CAPÍTULO 4

WISTY

Los dos hombres musculosos de uniforme gris se quedaron congelados de repente, con sus cabezas cuadradas balanceándose de un lado a otro como si fueran juguetes.

—¿Dónde está? ¡Se ha ido! ¡Ha desaparecido! ¿Dónde se ha metido? —dijo uno de ellos, con la voz seca y llena de pánico.

Barrieron la habitación con la luz de sus linternas. Uno de ellos se arrodilló para buscar bajo la cama; el otro se apresuró a mirar dentro de mi armario.

¿Que dónde me había ido? ¿Esos tíos se habían vuelto completamente locos? Seguía allí mismo. ¿Qué estaba pasando?

A lo mejor trataban de engañarme para que echara a correr, de ese modo tendrían una excusa para usar la fuerza. O quizá eran una pandilla que se había fugado de algún manicomio y había venido a buscarme, igual que antes había hecho con la pobre Celia.

—¡Wisty! —gritó mi madre, muy nerviosa, desde el pasillo. Su voz deshizo la niebla que había invadido mi cerebro—. ¡Escápate, cariño!

—¡Mamá! —chillé. Los dos tipos parpadearon y dieron un paso atrás, sorprendidos.

—¡Aquí está! ¡Cógela! ¡Está aquí mismo! ¡Rápido, antes de que vuelva a desaparecer!

Con sus manazas me agarraron de las piernas y los brazos, y luego de la cabeza.

—¡Dejadme en paz! —grité, dando patadas y retorciéndome—. ¡Dejad que me vaya!

Pero me apretaban como si fueran de hierro, y me arrastraron por el pasillo hasta el salón, donde me dejaron caer como si fuera un saco de basura.

Me puse rápidamente de pie. Había más luces, que me impedían ver bien. Entonces oí gritar a Whit, mientras lo arrojaban al suelo del salón junto a mí.

—Whit, ¿qué está pasando? ¿Quiénes son estos… monstruos?

—¡Wisty! —exclamó, con bastante coherencia—. ¿Estás bien?

—No.

Estaba a punto de llorar, pero no podía, no quería, me negaba en redondo a que me vieran en ese estado. Todas las películas que había visto acerca de crímenes reales se amontonaban en mi cabeza, y mi estómago dio un vuelco. Me refugié en mi hermano, que me agarró la mano y la apretó.

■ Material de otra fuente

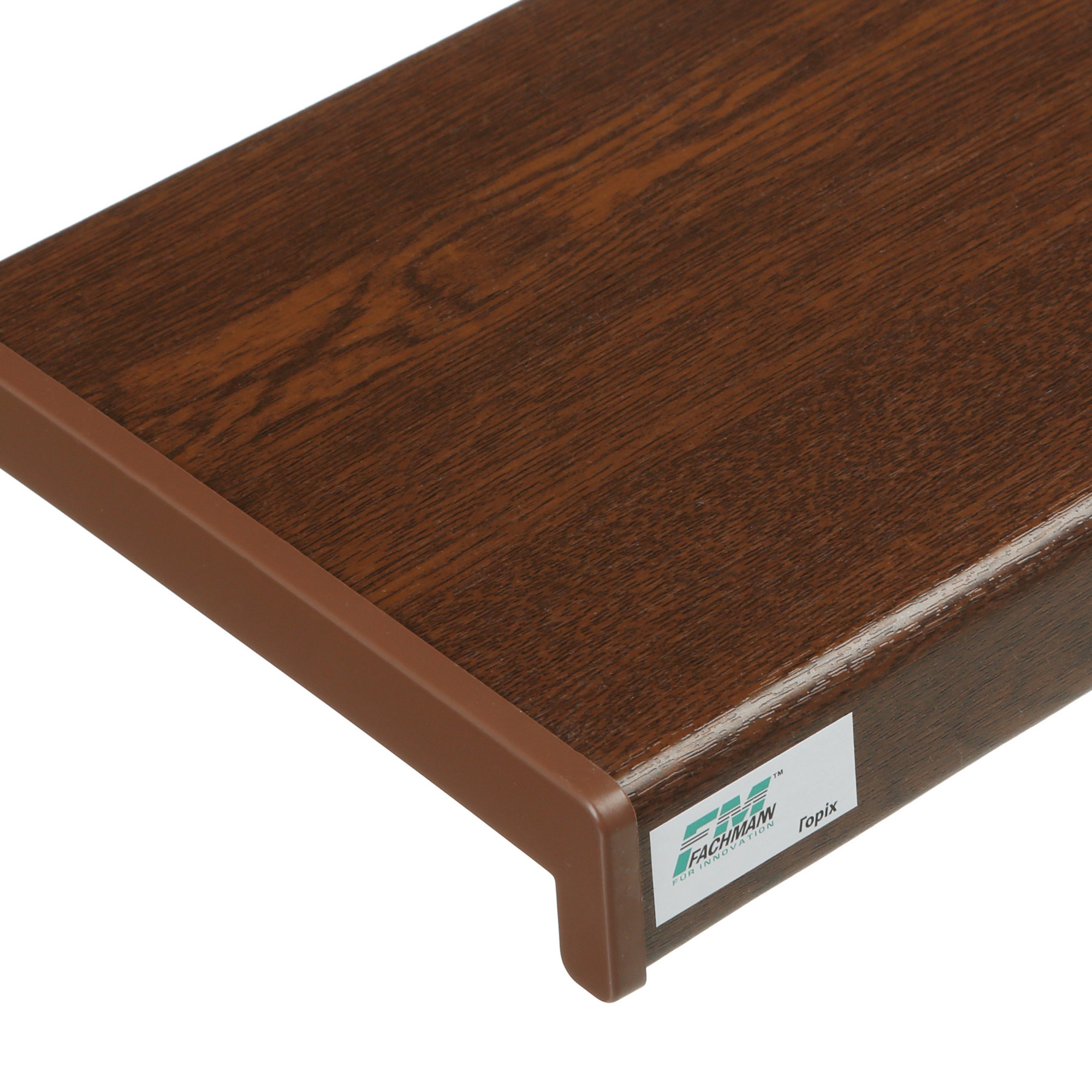 Підвіконня Fachmann покриваються ламінаційними плівками IMAWELL та ELESGO on Top. Ці плівки досить стійкі до впливу прямих сонячних променів, також відрізняються стабільністю форми та відносно високою міцністю. А класичний дизайн капіноса та гладка поверхня зробили це підвіконня актуальним у будь-якому інтер'єрі.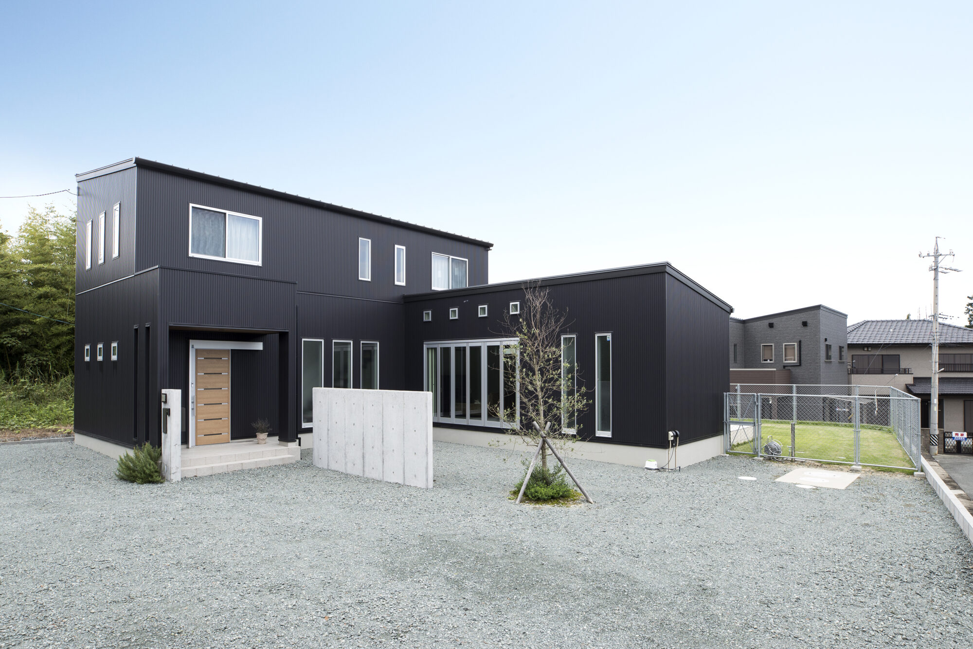 平屋と二階建てをL字に組み合わせました。斜めから見ると、ブラックの両翼を広げた優雅な立ち姿に圧倒されます。黒を背景にした窓の美しさも見事。リビング前のフルオープン窓やダイス型のかわいい高窓など、さまざまな形の窓がリズミカルに並び、躍動感を生み出しています。窓が多い分、屋内が見えないようにコンクリート塀を設置。それにより、コの字に囲まれた部分がプライベートガーデンのようになりました。シンボルツリーが成長したときは、さらにのびのびとくつろげる空間になっていますね。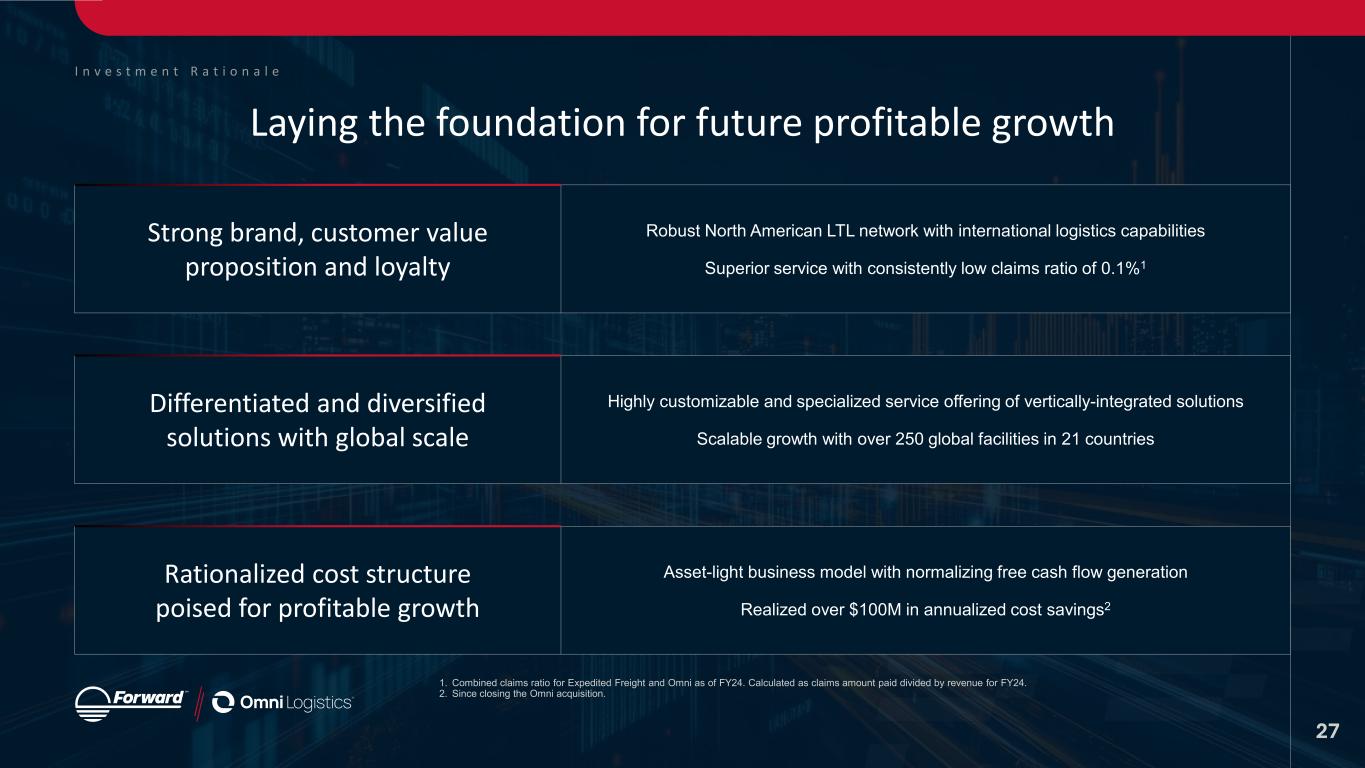 I n v e s t m e n t R a t i o n a l e Laying the foundation for future profitable growth Strong brand, customer value proposition and loyalty Robust North American LTL network with international logistics capabilities Superior service with consistently low claims ratio of 0.1%1 Differentiated and diversified solutions with global scale Highly customizable and specialized service offering of vertically-integrated solutions Scalable growth with over 250 global facilities in 21 countries Rationalized cost structure poised for profitable growth Asset-light business model with normalizing free cash flow generation Realized over $100M in annualized cost savings2 27 1. Combined claims ratio for Expedited Freight and Omni as of FY24. Calculated as claims amount paid divided by revenue for FY24. 2. Since closing the Omni acquisition.

De repente, las luces se apagaron, abandonándonos entre temblores y parpadeos.

—¿Mamá? —susurró Whit—. ¿Papá?

Puede que mi hermano no estuviera completamente sobrio antes de que todo aquello sucediera, pero, desde luego, lo estaba en aquel momento.

Ahogué una exclamación. Mis padres seguían allí, vestidos con sus pijamas arrugados, pero los sujetaban por detrás como si fueran peligrosos criminales. Yo ya sabía que nuestra familia no era lo que se dice normal, pero nadie había tenido nunca problemas con la ley.

Al menos, que yo supiera.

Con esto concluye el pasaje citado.